= John Norreys (Usher of the Chamber) =

Sir John Norreys or Norris (c. 1481 – 21 October 1564) was a gentleman usher daily waiter at the English court during the reign of the House of Tudor. He is thought to be the author of a treatise describing the roles of servants of the chamber.

==Family==
Probably born at Yattendon Castle in Berkshire, John was the eldest son of Sir Edward Norreys (d. 1487) and Lady Frideswide Lovell, sister and heiress of Lord Lovell. He was named after his great-grandfather Sir John Norreys, who had established this branch of the Norreys family as extensive landowners in the county of Berkshire. The Norreys family members often held positions of importance at the English court.

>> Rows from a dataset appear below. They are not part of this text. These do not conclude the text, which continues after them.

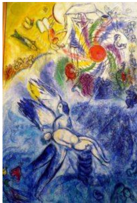
De schepping van de mens. Marc Chagall 1958
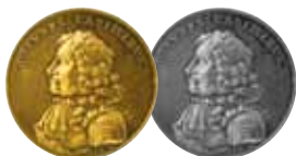
Jan Kazimierz Waza (1648-1668)
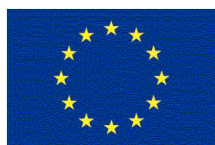
Unione europea Fondo sociale europeo

http://www.uep.corep.it/voucher/catalogo.html
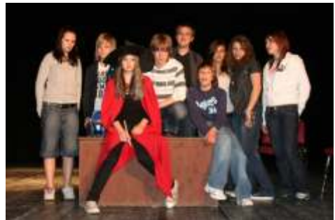
Igralci in mentor na vaji
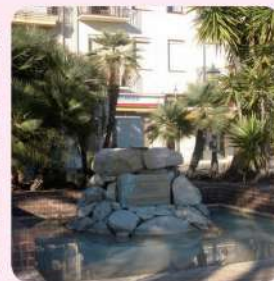
24 Plaça de Marcel·li Domingo
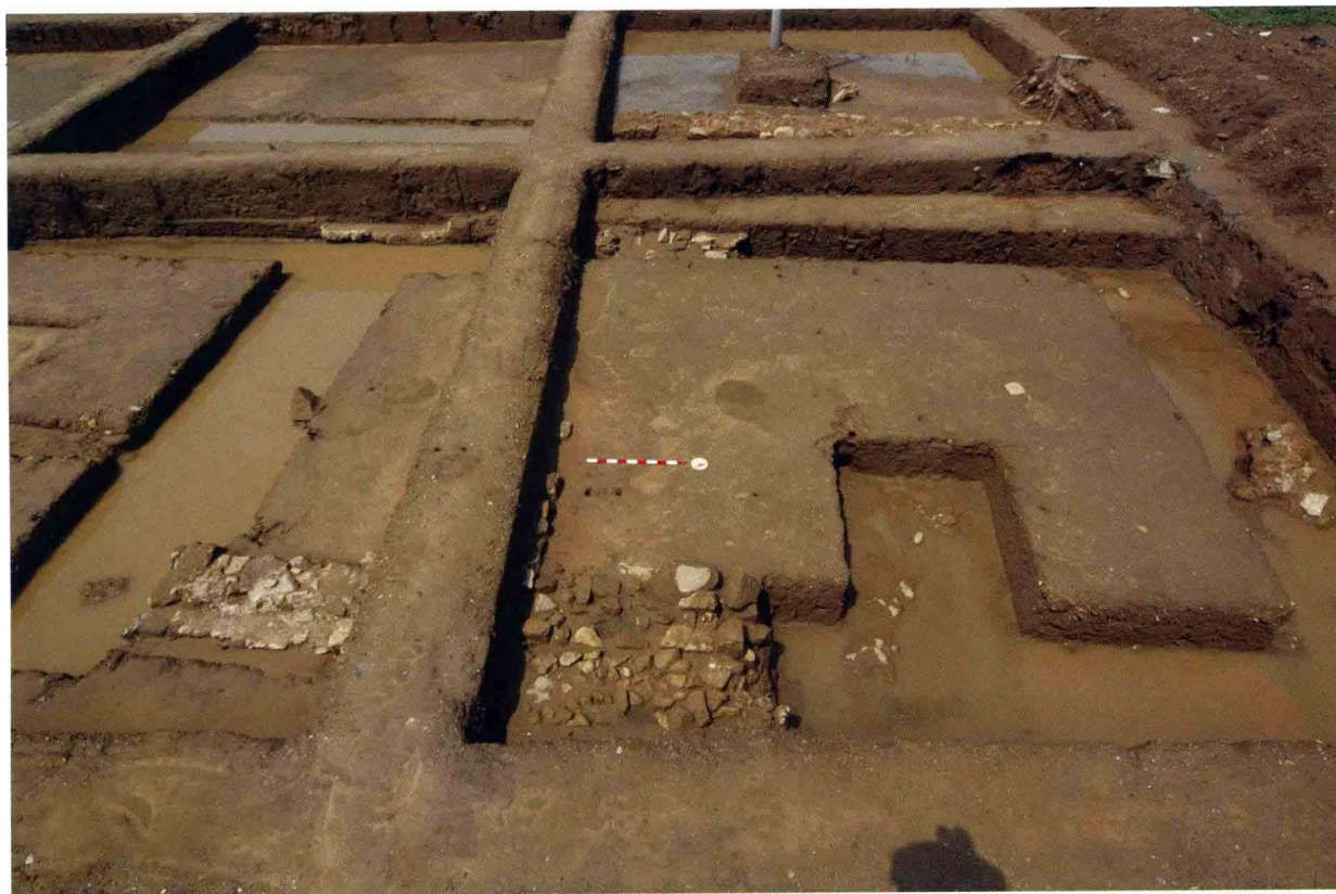
2. 大苑村寺庙遗址后殿西配殿 (自东向西)
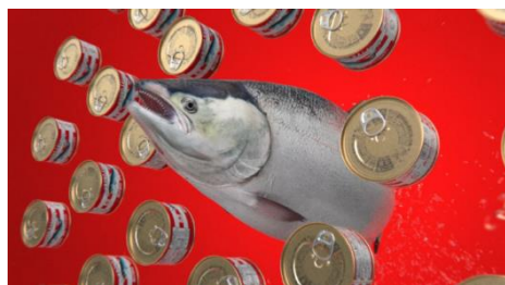
▲缶詰「あけぼのさけ」編
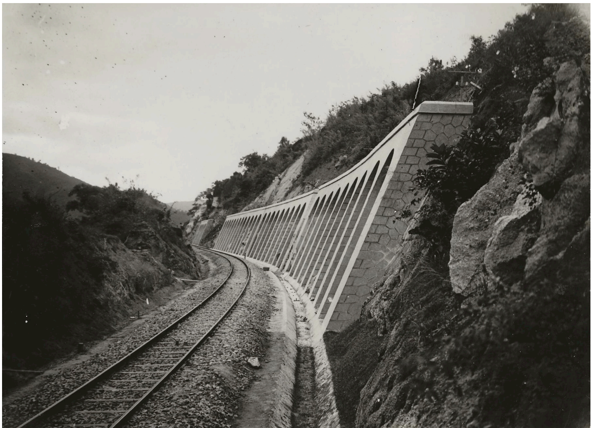
MURS DE SOUTÈNEMENT À LA MONTAGNE D'OR P. K. 166+420 —VUE DU CÔTÉ NORD
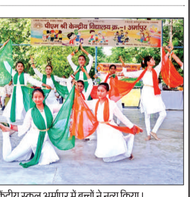
केंद्रीय स्कूल अर्मापुर में बच्चों ने नृत्य किया।
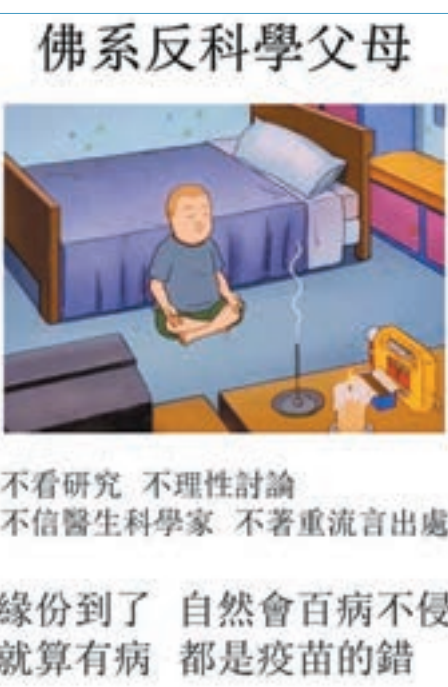
網民製圖揶揄反科學父母。
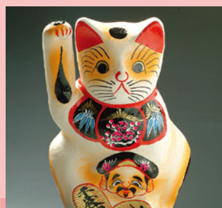
高崎まねき猫 [展示・販売] 《高崎市》
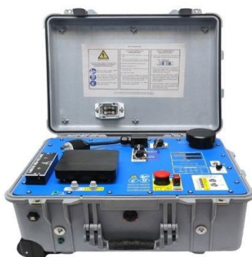
Рисунок 9.6. Электроразведочный передатчик GDD Tx4

При замере на каждой точке (пикете) профиля передатчик вырабатывает первичные прямоугольные импульсы тока частотой 1/8 Гц, а приёмники производят регистрацию спада потенциалов ВП после достижения синхронизации с передатчиком. Потенциалы для вычисления сопротивлений измеряются в рабочем интервале передаваемого токового импульса, а спад потенциалов ВП по кривой разряда измеряется в промежутке между импульсами тока. Ресивер (приемник) осуществляет регистрацию кривой спада потенциала ВП по 20 временным окнам, распределенным в течение рабочего интервала длительностью 2000 мсек. Регистрация начинается через 40 мсек после выключения питающего тока трансмиттера.
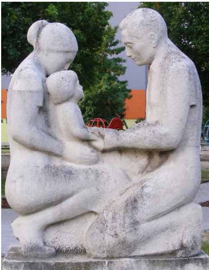
Parents and child

■ I dag er barneoppdragelse noe helt annet i Norge enn det var for bare et par generasjoner tilbake. Lydighet var tidligere et veldig viktig begrep, og lydige barn var idealet. Mor og far ga beskjeder, og barna skulle adlyde. Snille barn var barn som gjorde det foreldrene sa, og som ellers var søte og stille.
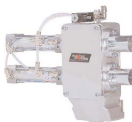
Doseringsventil med og uden styring
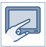
Tablet (all inklusive)
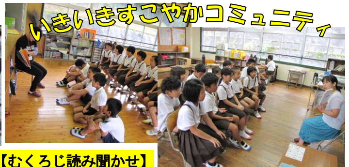
【むくろじ読み聞かせ】
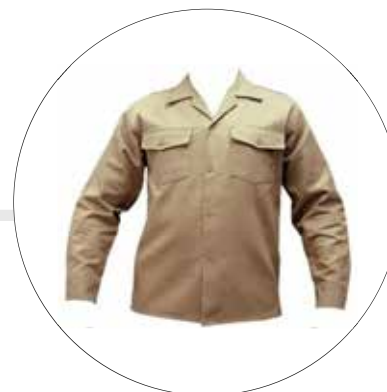
CAMISA EN DRIL CAM-DRI-ML-HOM-LE-AZ
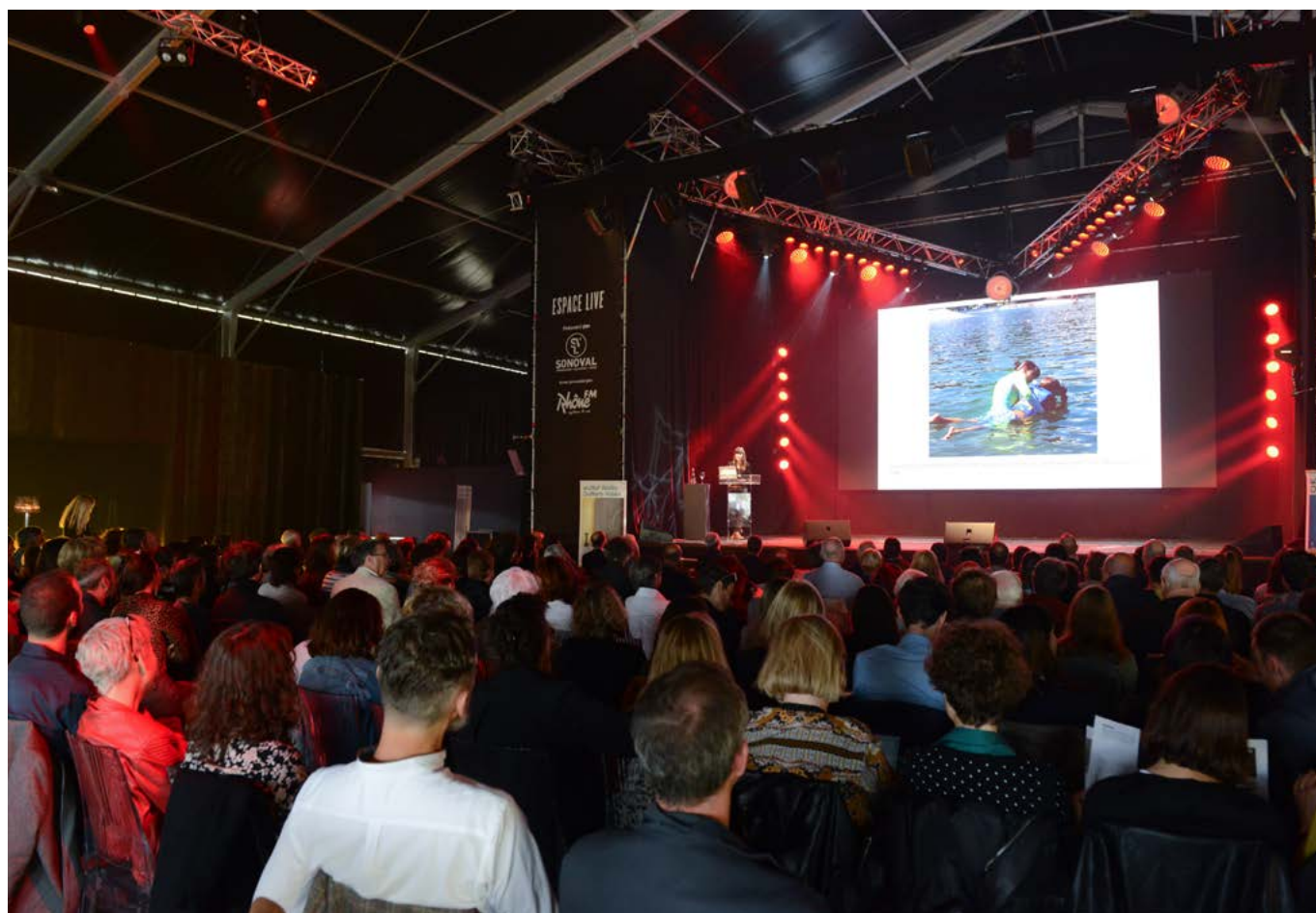
L'Espace Live de la Foire du Valais sert de caisse de résonance au Rendez-vous de la Culture.

personnes ont pris part au Rendez-vous de la Culture 2019 (nouveau record)
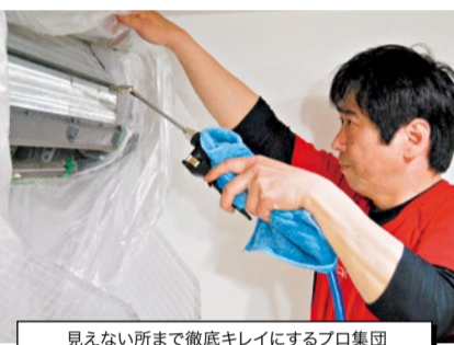
見えない所まで徹底キレイにするプロ集団

高視力用 高槻市芥川町 2-8-20 営/10時~19時 木曜定休 ☎072-682-0149
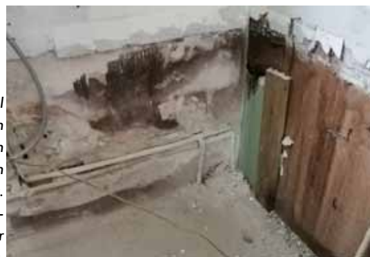
Feuchte, von Schimmel befallene Wände, wie in diesem Beispiel, sind in älteren Wohnhäusern keine Seltenheit. Die Ursache zu ergründen ist für Eigentümer oft nicht leicht.

Mauerwerk gelangen", so der Bauexperte. Undichte Dächer, Risse in der Fassade, Leitungsschäden, Feuchtigkeit aus dem Untergrund - die Liste möglicher Nässequellen ist lang. Selbst Restfeuchte bei einem Neu- oder Umbau kann zu Wasserflecken oder Schimmel führen. Im vorliegenden Fall empfahl er dem VWE-Mitglied, ein Spezialunternehmen zur Leckageortung. Mit Erfolg: Die Fachleute stellten einen Leitungsschaden in der Wand fest, der
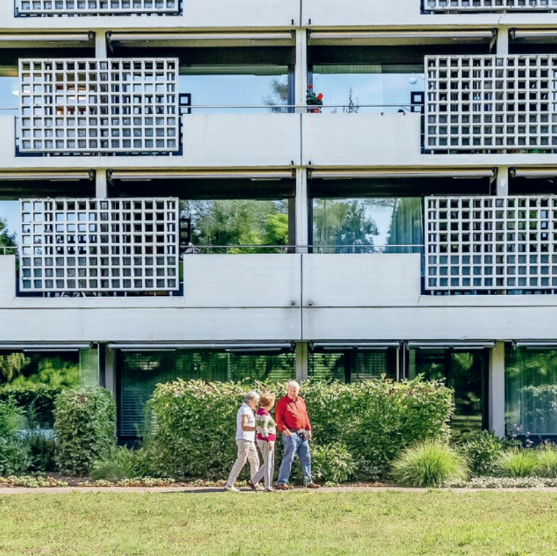
Der Burgerspittel im Viererfeld → Informationen ab Seite 4
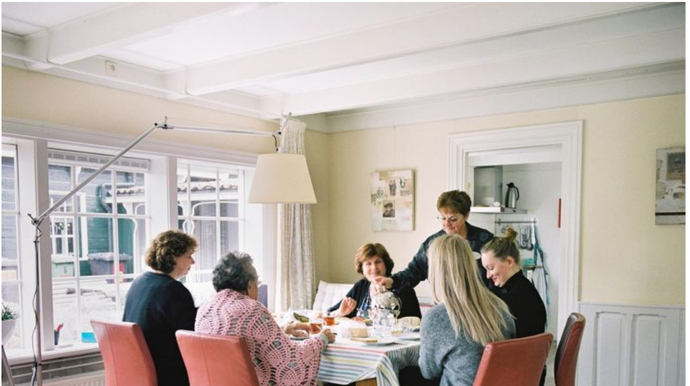
Hospice De Schelp
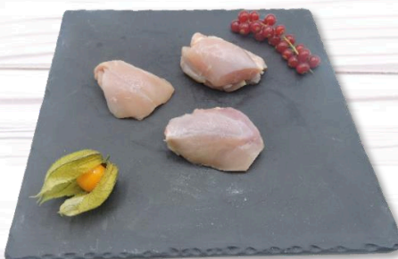
SAUTÉ DE CHAPON SANS PEAU S/V x 2,5 KG 23,50€ TTC/kg
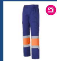
042 Azulina/ Naranja AV DESCATALOGADO (últimas unidades)
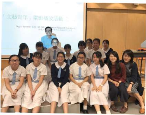
電影評賞後，同學和導師來張大合照。
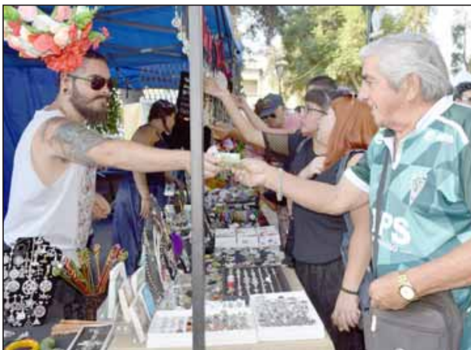
RICA HIDROMIEL.- Aquí tenemos a los productores de hidromiel Melikraton, con sus mejores productos medievales.
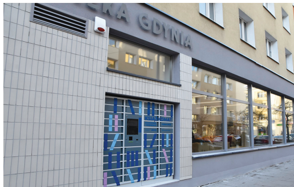
W ścianie budynku Biblioteki Śródmieście znajduje się księżkomat
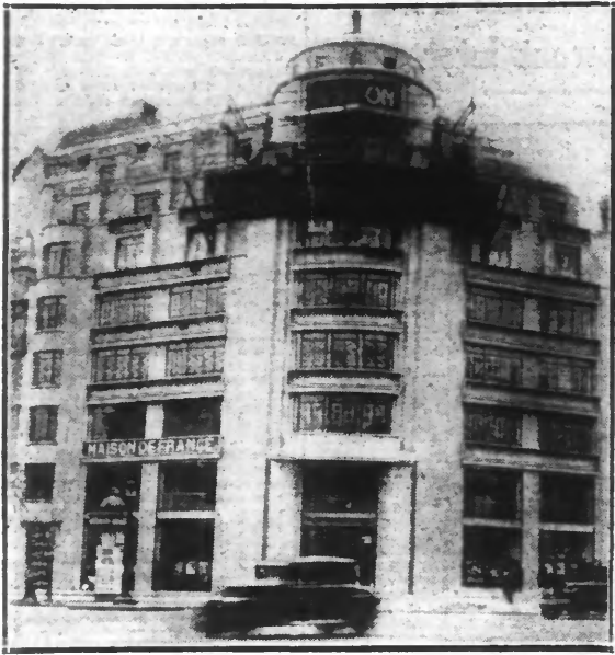
« La Maison de France », Avenue des Champs-Élysées, à PARIS qui est menacée de disparition.
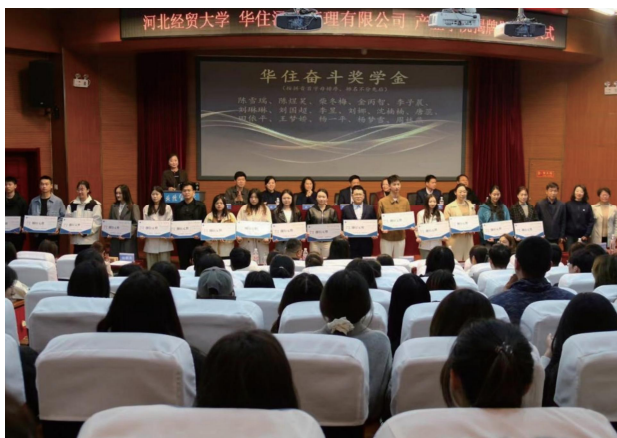
◇ 学生荣获华住集团企业奖学金

就业方向: 面向国际品牌酒店集团、国内龙头连锁集团及文旅综合体等新业态住宿业,从事商业智能分析、运营管理、收益管理、数字化运营、新媒体传播等岗位,亦可考研、留学深造或进入文旅相关事业单位工作。
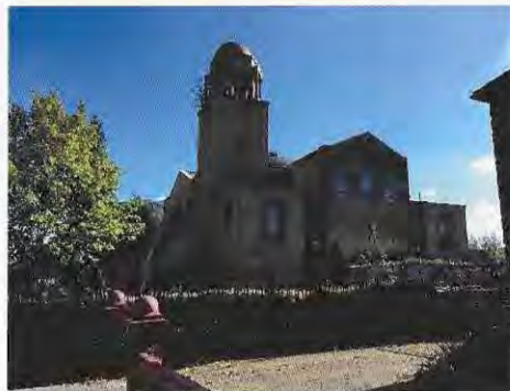
South Manchester Synagogue.

Ein Freund der Familie zeigte uns in Saarbrücken die jüdischen Friedhöfe und die Synagoge. Wie die meisten Synagogen in Deutschland – hier bildet die Lübecker Synagoge eine Ausnahme – war auch die ehemalige Synagoge in Saarbrücken in der Reichspogromnacht zerstört worden. Die neue Synagoge wurde im
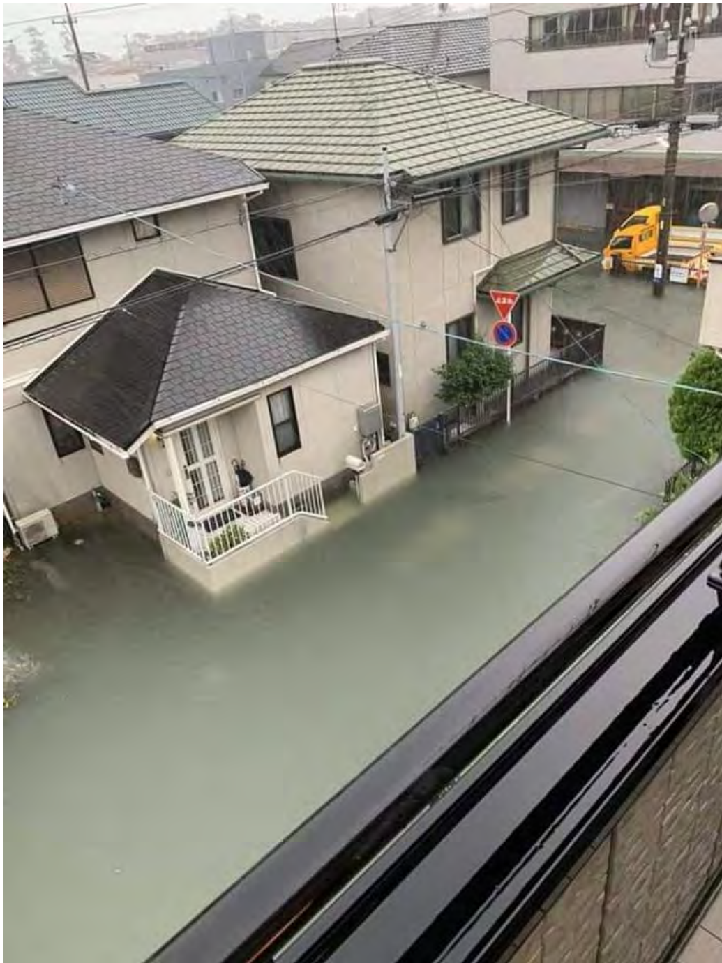
Hình ảnh những ngôi nhà chìm trong nước lũ nhưng xung quanh không một tí rác được chia sẻ rầm rộ trên Twitter

John's father Edward, the eldest son and heir of Sir William Norreys, had taken part in the Battle of Stoke Field in 1487, dying shortly afterwards. John was then his grandfather's heir, and succeeded to the Norreys family estates upon the old man's death in 1507. The estates included major residences such as Yattendon Castle and Ockwells and minor lands like Norreys Manor in Wokingham.

==Murderer==
In 1517, John murdered one John Enhold of Nettlebed in unknown circumstances. He was fined 1,000 marks and had to surrender Ockwells in return for a pardon obtained on his behalf by his brother Henry. His uncle, Sir Thomas Fettiplace, took possession of Ockwells.

==Marriage==
John married Elizabeth Braye (born c. 1490), daughter of John Braye of Eaton Bray, whose family was as important in England as the Norreys family. Elizabeth's brother, Edmund Braye (d. 1539), was the 1st Baron Braye, a title created for him in 1529. Her brother, Edward Braye (d. 1558), was a Member of Parliament. The couple was childless.

==Gentleman usher daily waiter==
John Norris rose in favour at Court, perhaps with the help of his mother, and became the Esquire of the body of King Henry VII, and later the usher of the outer chamber to both King Henry VIII and King Edward VI.

On 17 August 1520, John entertained King Henry VIII and his Queen Catherine of Aragon at Yattendon Castle. As a New Year's Day gift in 1539, Norris gave Henry a dozen fine handkerchiefs. Henry VIII appointed him keeper of Ashridge Park, and woodward and warrener in the Lordships of Cookham and Bray.

At the coronation of Edward VI, Norreys and another usher, William Ransford, wore robes in the procession to represent the Duchy of Gascony and Guyenne. Their presence represented the English claim to these territories. During the service in Westminster Abbey the four ushers carried Edward in a portable chair.

Described as "a rank papist" by Edward Underhill, he was promoted to be chief usher of the privy chamber to Queen Mary Tudor. He served at her coronation at Westminster Abbey and at her wedding at Winchester Cathedral. As chief usher, he was asked to build the dais and stages and decorate the cathedral with hangings and tapestry.

On the accession of Queen Elizabeth, Norreys was summoned to Hatfield House. He then retired from court to Ashampstead.

Norreys seems to be the author of a manuscript treatise on ceremonial for fellow Gentleman Ushers produced at this time. The work includes a description of the coronation of Anne Boleyn, and a diagram of the stage at the wedding of Mary I at Winchester. The treatise refers to the care and use of textiles at court. The manuscript was formerly attributed to Henry Norris.

==Nephews and nieces==
When John's younger brother, Sir Henry Norreys, was beheaded in 1536 for his supposed adultery with the queen, Anne Boleyn, John and his wife, Elizabeth, took over the care of Henry's orphaned children Henry and Mary. Having no legitimate children of his own, John was licensed to settle his estates in reversion on his nephew in December 1542.